Assuming $200,000 mortgage, with 1% interest spread...
That is a bigger spread than is realistic IMO, but I think the important thing is that you wouldn't pay of the last 15 years of the mortgage in a lump sum. I ran the numbers for how much cash you would have in a savings account investing the difference every month for 30 years, or investing the full amount beginning 15 years in.
$200,000
15yr@2.75% = $1357.24/month
30yr@3.75% = $926.23/month
Difference = $431.01/month
Invest $431.01/month for 30 years. Compare that to Investing $1357.24/month for
15 years. Compare the end value with different rates of return.

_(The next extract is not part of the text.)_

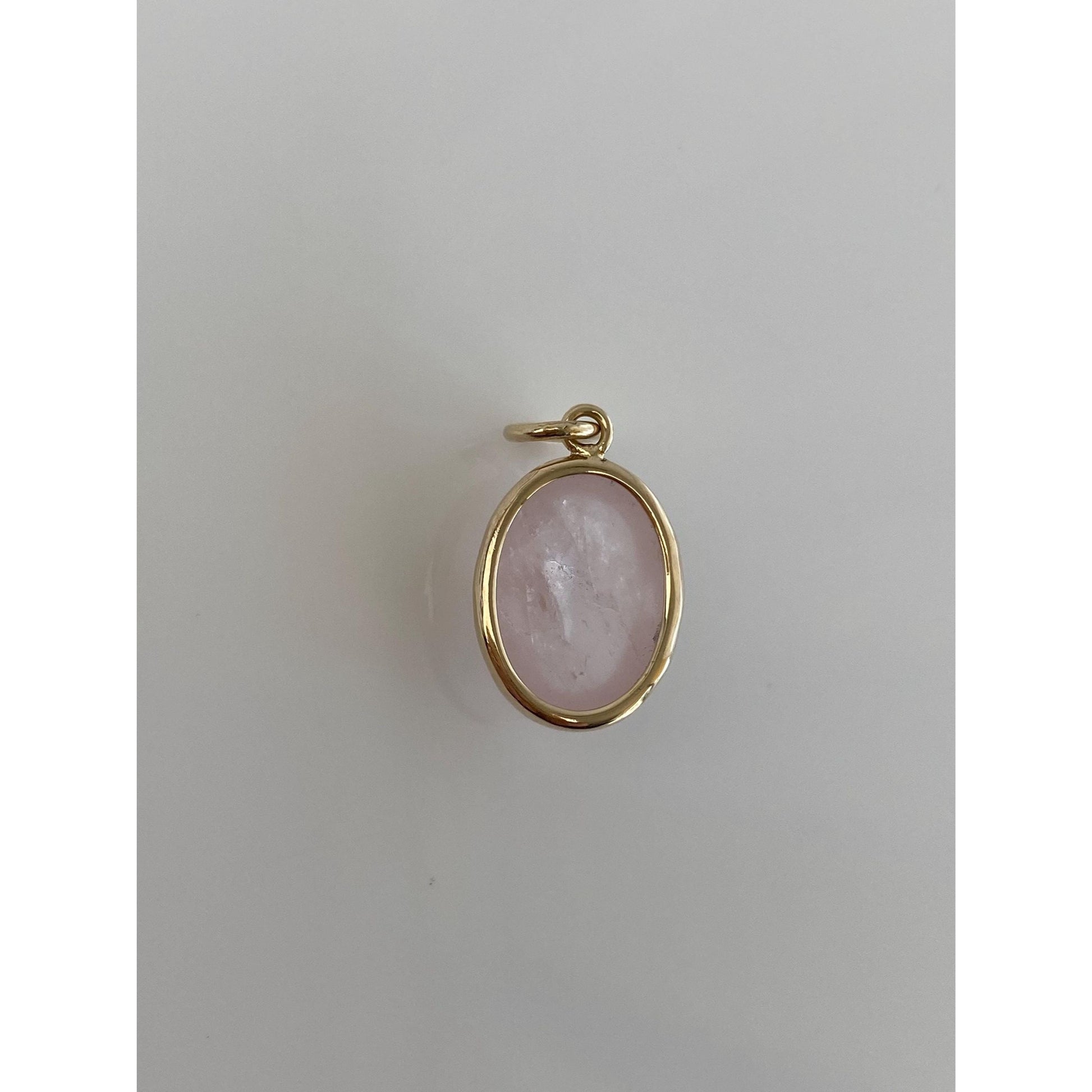 Vintage Solid 14k Yellow Gold Rose Quartz Cabochon Charm

30 yr total - 15 yr total = difference
4%: $299,142 - $334,003 = ($34,861)
5%: $358,711 - $362,775 = ($4,064)
6%: $432,956 - $394,710 = $38,246
7%: $525,819 - $430,193 = $95,626
8%: $642,359 - $469,656 = $172,703
9%: $789,068 - $513,587 = $275,481
@7%, MMM assumption, that averages to $265.62/month for 30 years.
So the 15-year wins if your rate of return is 5% or less. However, we are talking about a 30 year average. Since the historical rate of return over the last century has been around 10%/year, I'll take that bet.